Ingredients
1/4 cup butter
2 cup new red potatoes, boiled &
1 quartered
2 cup cooked ham, cut into 1-in
1 cubes
1/4 cup olive oil
2 cup mushrooms, quartered
1/4 tsp each: paprika and dried
1 thyme
1/8 tsp each:cayenne and garlic
1 powder
1 salt and ground pepper, to
1 taste
18 eggs, or equivalent egg
1 substitute
1/2 cup milk (whole recommended)
2 tomatoes, cut into 1/4-in
1 slices
1 cup grated fontina or other
1 favorite cheese
1 tbsp parsley, finely chopped
Directions
Heat oven to 350 degrees. Melt butter in very hot skillet and saute
potatoes until brown. Reduce heat to medium and add ham;saute 1
minute.
Heat oil in another medium-hot skillet and add mushrooms;saute until
soft;season with paprika, thyme, cayenne, garlic powder, salt and
pepper. Add mushrooms to ham mixture and toss lightly to combine.
Coat a 3-qt casserole with vegetable spray and pour ham-mushroom
mixture into casserole.
Beat eggs in mixing bowl with milk until frothy. Season with salt and
pepper. Pour eggs over ham-mushroom mixture.
Bake at 350 degrees for 30 minutes, then arrange tomato slices around
top and sprinkle with grated cheese. Return casserole to oven and
bake until eggs are set, cheese is melted and top is brown.
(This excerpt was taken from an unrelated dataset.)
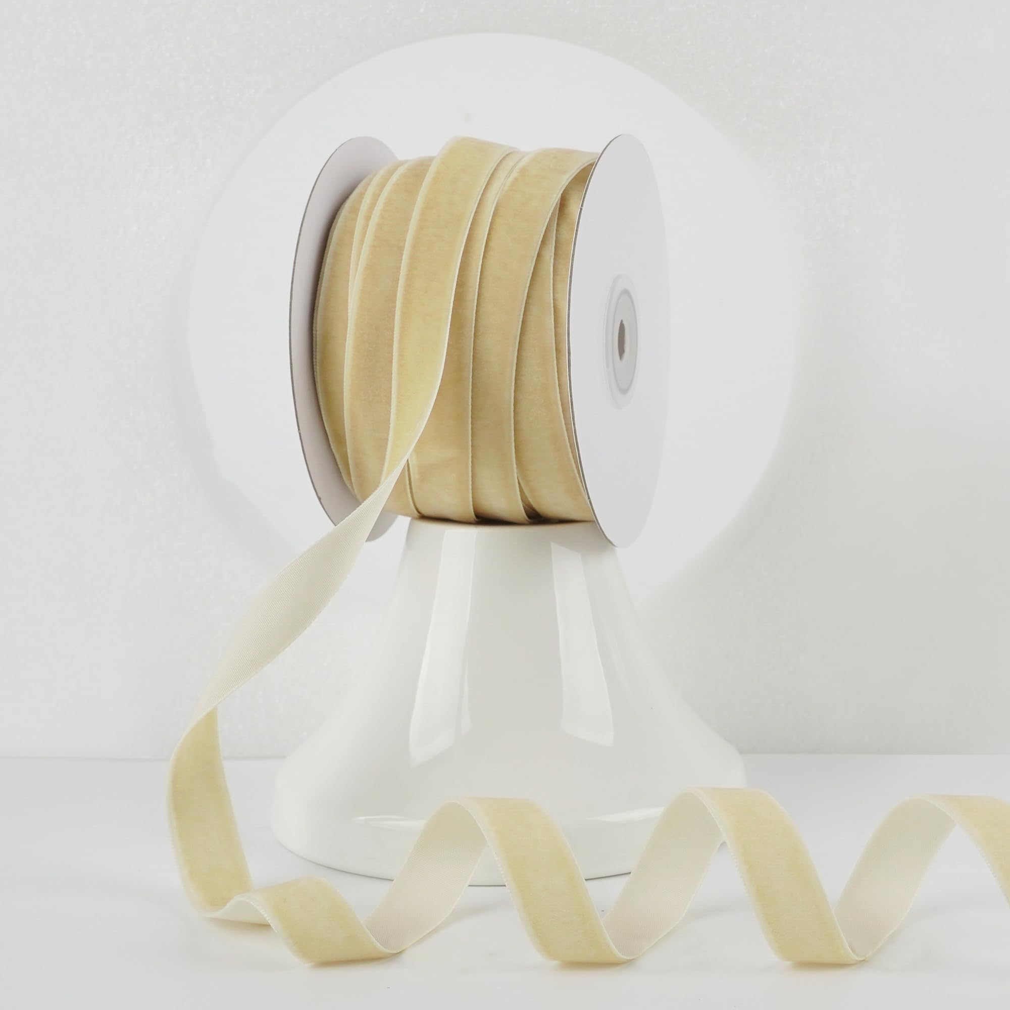 SINGLE FACED BEIGE VELVET RIBBON *This versatile ribbon is ideal for any occasion—weddings, birthdays, holidays, baby showers, and more. Whether you're decorating or crafting, this easy-to-use velvet ribbon offers a luxurious touch that enhances your projects and gifts, ensuring a charming finish every time! [ PRODUCT DESCRIPTION ] [ FEATURES OF OUR VELVET RIBBONS ] Crafted from high-quality nylon, this double-faced ribbon provides a soft, plush texture that adds elegance to any creation. Its durable construction ensures it holds its shape beautifully, making it perfect for bows, gift wrapping, floral arrangements, and home décor. With its refined appearance, this ribbon allows you to create stunning accents that leave a lasting impression on your guests and loved ones. [ Notice ]

Sprinkle
with parsley.
Servings: 8 servings
Potato Mushroom & Ham Casserole Recipe brought to you by Recipe Ideas
Categories: Casserole; Ham; Main Dish; Meat; Mushroom
The History of Recipes
Written cooking instructions as an idea can be traced way back into history, in truth as far back into history as the early Egyptians, and potentially, even further back. In practice though, in the main part, these early recipes were just very basic hieroglyphic or cunieform recipes for preparing food.
The truth of the matter is, the most ancient recipe discovered, according to food historians are some stone tablets in the Sumerian language describing the baking of bread which is then used to make a drink, quite possibly a form of beer as it is recorded as making those who drank it feel exhilarated and blissful. As we move on, we find some interesting books from the 14th Century : a cookery book titled `Forme of Cury`, and another named `Curye on Inglish`. Amusingly, these are nothing to do with the curry that we all know today, but instead descriptions of the types of food prepared by the chefs of the upper classes. During the next few centuries, the powerful and wealthy strove to serve up the best banquets, and consequentially the best cooks and their collection of recipes could command a high salary. Even so, it wasn`t until the 1800s that formal cookery and cookery books reached a high level of popularity. Mrs Isabella Beeton in the UK, and the equally well-known Fannie Farmer in the US, devoted much of their lives to assembling, testing, and publishing recipes that were common in the better off homes of the day. By the advent of the 20th century, cook books were greatly in demand due to better eduction, people having more leisure time and having more money to spend. The revolution that is television gave us TV chefs and the spin-off recipe books. Which brings us neatly up to date and the invention of computers and the internet, permitting us all to access massive numbers of recipes just like those on this web site. |
We hope you enjoy this Potato Mushroom & Ham Casserole recipe.